By Lily Warner
Social media is a relatively recent phenomenon. The first social media platform was created in 1997, under the name Six Degrees, about 25 years ago. However, it took another 6 years for social media to really start blowing up, heralded by the emergence of sites like MySpace and Facebook.
Now, some of the richest people on the planet have made their fortunes through social media. They’ve done so through rampant exploitation of the industry’s product: you. Since social media is so recent, there has been little to no protection from the dangers social media can pose, and no guarantee that it will be safe for you, the user. The AI Bill of Rights, a recent blueprint released by the white house, is a proposed set of protections against social media.
So, what exactly does the Bill promise to do?
There are five problems that the Bill wants to solve.
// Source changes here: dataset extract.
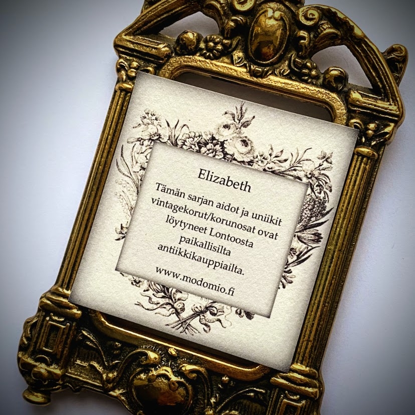 Elizabeth-sarjaan kuuluu aitoja, englantilaisia vintagekoruja, jotka ovat löytyneet lontoolaisten antiikkikauppiaiden valikoimista.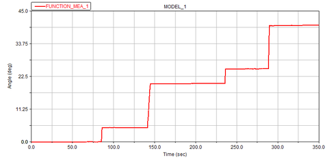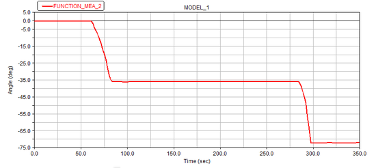 It can be seen from the image that the sliding sleeve started to move around 55 s, with the maximum velocity of 0.009 m / s and the maximum acceleration of 0.092 m / s2. When the external load decreased, the sliding sleeve displacement decreased by about 0.01 m under the action of the reset spring, and remained unchanged. It proved that the fixed sliding sleeve had fixed the position of the rotating sliding sleeve at this time. The angle change of the rotating sliding sleeve corresponded to the time of the sliding sleeve displacement change. When the sliding sleeve displacement reached the maximum, 5° deflection occurred. When the sliding sleeve was locked and unlocked, 15° deflection occurred. Since the number of layers was four, there was another vacancy. Therefore, for each complete motion of a period, the rotation angle of the anti-cylindrical cam should be 72°. When the selection layer was successful and the selection layer was finished, it corresponded to half a period, and the angle was 36°.

It wants to protect you from unsafe and ineffective systems, algorithmic discrimination, ensure data privacy and human fallbacks, and finally make sure you understand what you’re getting into. Let’s break that down one at a time.
The first protection, against unsafe and ineffective services, lays out the foundation for regulations on the construction of algorithmic systems. This protection is all about prevention, and wants to ensure that systems are constructed with input from “diverse communities, stakeholders, and domain experts,” to identify any and all problems that could arise from the system’s implementation. AI systems should be designed without “an intent or reasonably foreseeable possibility of endangering your safety or the safety of your community.” It lays out the minimum requirements for who should be consulted in designing the AI system, and what concerns they should protect against.
The second proposal from the Bill, protection against discriminatory algorithmic processes, promises just that. Social media algorithms are, to put it simply, very very effective information sorting systems. (There is more nuance to that, of course, but for our purposes it is a fitting enough description.) The problem is that the information itself can be biased. Does misinformation ring a bell? Well, since social media algorithms are often information processing algorithms, they can be affected by misinformation just as much as us. If not more. The Bill says that algorithm “designers, developers, and deployers of algorithms should take proactive and continuous measures to protect individuals from algorithmic discrimination and to use and design systems in an equitable way.”
The third proposal relates to data privacy, promises protection against “abusive data practices,” and “agency over how your data is used.” This is a promise a long time coming. Data protection has always been an issue, and recently with Facebook’s “privacy scandal” it has skyrocketed in importance. Teachers are actively warning students about the dangers of social media, about how your data is being used without regard for your safety, parents are discouraging their children from connecting with their generation via social media sites like TikTok, everyone and their mother sees it as necessary to defend themselves from social media. So the fact that this issue is in the Ai Bill of Rights should not be surprising.
It says that “you should be protected from violations of privacy through design choices that ensure such protections are included by default, including ensuring that data collection conforms to reasonable expectations and that only data strictly necessary for the specific context is collected.” So AI systems should be designed in such a way that your privacy is protected by default, and that data collection remains within reasonable expectations and only occurs when strictly necessary. The Bill also says that “Designers, developers, and deployers…should seek your permission and respect your decisions regarding collection, use, access, transfer, and deletion of your data in appropriate ways and to the greatest extent possible.” When not possible, alternatives should be offered.
The fourth proposal has to do with TOS. Yes, the infamous terms of service, those long documents that nobody reads. The fourth part of the Bill, Notice and Explanation, plans to ensure that the TOS is shorter and more readable. It seeks to ensure that the designers, developers, and deployers of automated systems provide accessible and generally understandable information about the role their automated systems play. What they do, why they do it, etc.
The final part of the Bill, Human Alternatives, Consideration, and Fallback, wants to ensure that automated processes have a back-up option. This mostly applies to automated systems that are explicitly created to assist with human processes. Think automated customer service, 911 calls, that sort of thing. In “appropriate cases,” appropriateness determined by the context of the situation, there should be a human alternative that is readily available to the user. In situations where the automated system fails, there should be an available human resource that can do what the automated system could. Additionally, in areas relating to “sensitive domains” the automated system should be further refined to fit the domain better. An automated 911 receiver, for example, should be held to a higher standard than a customer-service bot at Lowes.
The AI Bill of Rights is not a finished document. It promises a lot, but the actual measures for protections the Bill has introduced are badly defined and clearly unfinished. Then again, the document is only a blueprint. It is not a legal document, and these protections will likely not be put in place for at least a couple more years. They need to be reviewed, refined, and re-written until they are sufficient for a full legal document. The AI Bill of Rights is a direction, a possible plan for the protections that might be necessary in the future, and it is not a perfect document.
But it is the first big step towards legislation around social media.